Whim-Bil-Done - my dessert for Great British Menu 2017

Tom Parker

Tom Parker

19th May 2017

Whim-Bil-Done - my dessert for Great British Menu 2017

This is my recipe for my beetroot parfait dessert - Whim-Bil-Done - as seen on the Great British Menu 2017


  • For the Beetroot Parfait:
  • 160g egg yolks
  • 200g sugar
  • 50g water
  • 1 gelatin
  • 450g UHT cream (whipped)
  • 150g cream
  • 300ml reduced beetroot juice
  • salt
  • For the Beetroot Spray:
  • 300g Valrhona 55%
  • 300g coco butter
  • red powder food colour
  • For the Bilberry Marmalade:
  • 450g bilberries
  • 100g sugar
  • For the Curd Cheese:
  • 1 legrams curd cheese
  • For the Hibiscus Soup :
  • 500ml water
  • 100g sugar
  • 35g hibiscus
  • For the Wood Sorrel:
  • 50g wood sorrel
  • For the Curd Cheese Mousse :
  • 2 legrams curd cheese
  • Other:
  • Diced brioche
  • Viola flowers
  • Blackcurrant sage floor
  • Sugared brioche crouton
  • Ice ball for soup


For the Beetroot Parfait:
Whisk the egg yolks in the kitchen aid until fully.

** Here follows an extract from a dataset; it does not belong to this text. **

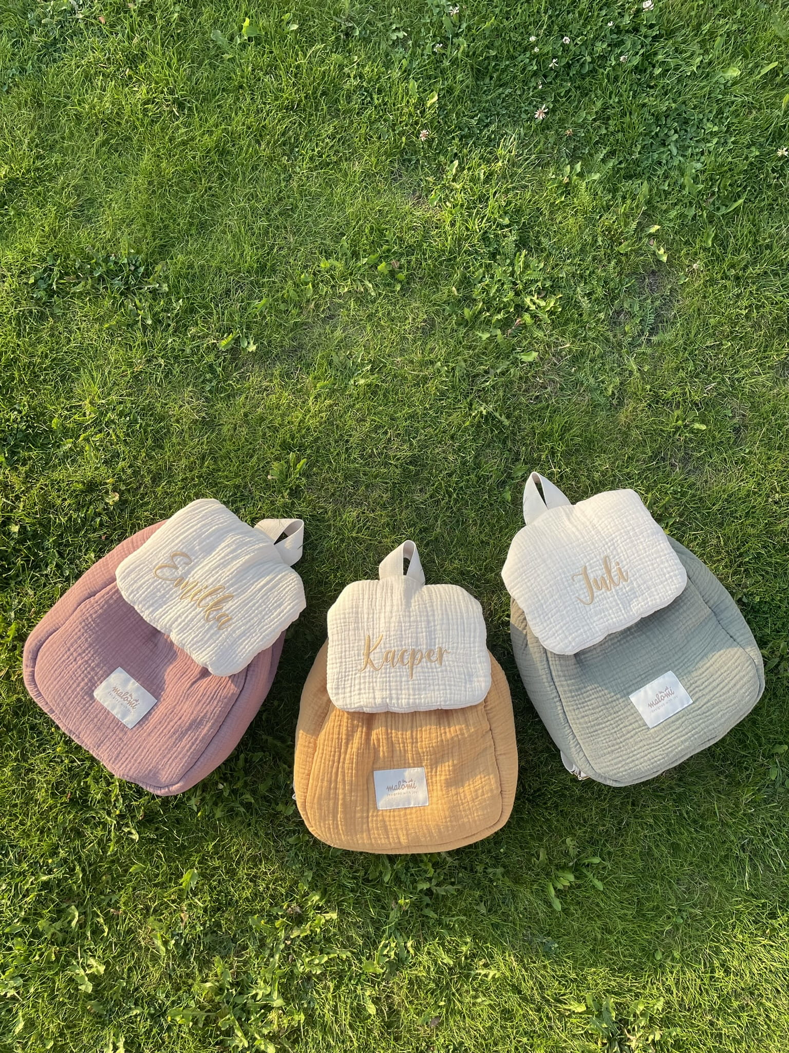 Plecak muślinowy z imieniem dziecka Pink marki Maloni.

Boil the sugar and water and cook to 121°C. Slowly add the stock syrup to the egg mix and continue to mix until cold. Boil the small amount of cream with the reduced beetroot juice. Add the soaked gelatin and mix with the egg yolk mix. Fold in the whipped cream.
For the Bilberry Marmalade:
Mix in a pan and bring to the boil and infuse for 10 minutes. Pass the juice and reduce down to syrup. Pour over the bilberries.
For the Curd Cheese:
Dice into 1cm by 1cm cubes.
For the Hibiscus Soup :
Put everything in a pan and bring to the boil. Cling film and allow to infuse for 20 minutes. Pass and chill.
For the Wood Sorrel:
Pick and keep refrigerate.
For the Curd Cheese Mousse :
Put in a taco jet container and blend 3 times.